4.Jamur dengan bukti sensitivitas iklim sedang


4.1. Misetoma

Mycetoma adalah NTD yang menyebabkan penyakit inflamasi kronis, granulomatosa,


progresif pada kulit dan jaringan subkutan setelah inokulasi traumatis organisme penyebab.
Orang dengan alas kaki yang tidak memadai dan mereka yang bekerja di luar ruangan
sangat berisiko tinggi. Mycetoma dapat disebabkan oleh jamur ( eumycetes ) atau bakteri
( actinomycetes ), mengakibatkan eumycetoma atau actinomyce toma , masing-masing
[36]. Lesi biasanya dimulai sebagai nodul progresif yang tidak nyeri di tempat trauma,
paling sering pada ekstremitas bawah.

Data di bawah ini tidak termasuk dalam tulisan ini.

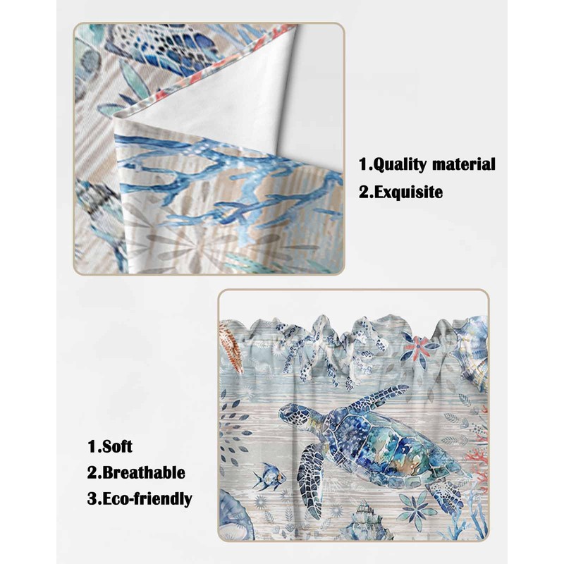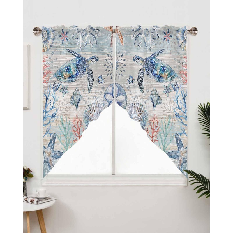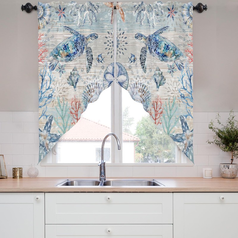 Ocean Sea Turtles Nautical Swag Valances for Windows Rod Pocket Kitchen Window Curtains Over Sink, Rustic Wood Beach Kitchen Curtains Sets, Swag Curtains Valance for Living Room, 28"x36" Set of 2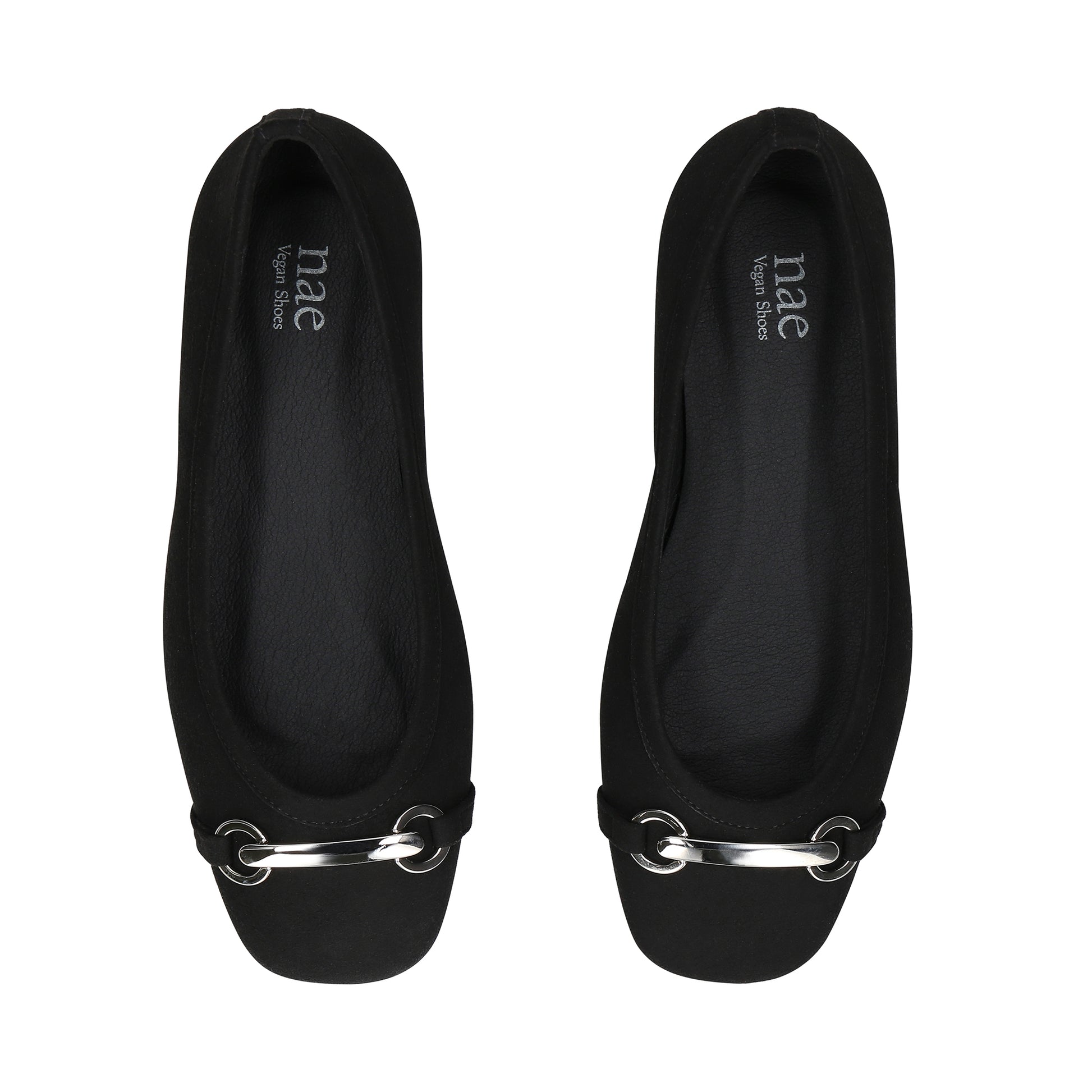 Claire è una ballerina vegana da donna realizzata in morbido microsuede con un raffinato dettaglio metallico color argento. Elegante e minimale, questa ballerina vegana piatta offre comfort quotidiano e grande versatilità. Leggera, flessibile e facile da indossare, Claire è pensata per l’uso giornaliero e uno stile senza tempo. Prodotta in Portogallo con materiali vegani.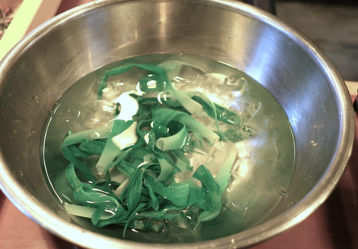 ヤブカンゾウとノビルは、さっと茹がいて氷水に取る。ヤブカンゾウもノビルの葉も、緑が一段と鮮やかに冴える。ヤブカンゾウはきれいに切り揃えて、またノビルの球根も丁寧に洗って、下拵えは完了。これを小鯛ささ漬とともに、酢味噌で和えて饅膾(読み「ぬたなます」)にする。天盛りには、タネツケバナの花をあしらった。まさに色よし、味よし、香りよし。吉次さんが「摘み草のよろこびは、萱草(読み「かんぞう」」)に代表されると言ってよいほどです」と絶賛しているように、舌触りがよく、甘く、またほのかな苦味もある。添えられたノビルの球根は、ネギより味も香りも濃いために、いいアクセントになっている。

Sebuah misetoma berkembang penuh ditandai
dengan trias klasik tumefaksi, pengeringan sinus, dan kehadiran butir (Gbr. 3) [37]. Infeksi
dapat menyebar ke struktur subkutan termasuk tulang, mengakibatkan deformitas dan
hilangnya fungsi dengan implikasi sosial dan ekonomi yang serius [36].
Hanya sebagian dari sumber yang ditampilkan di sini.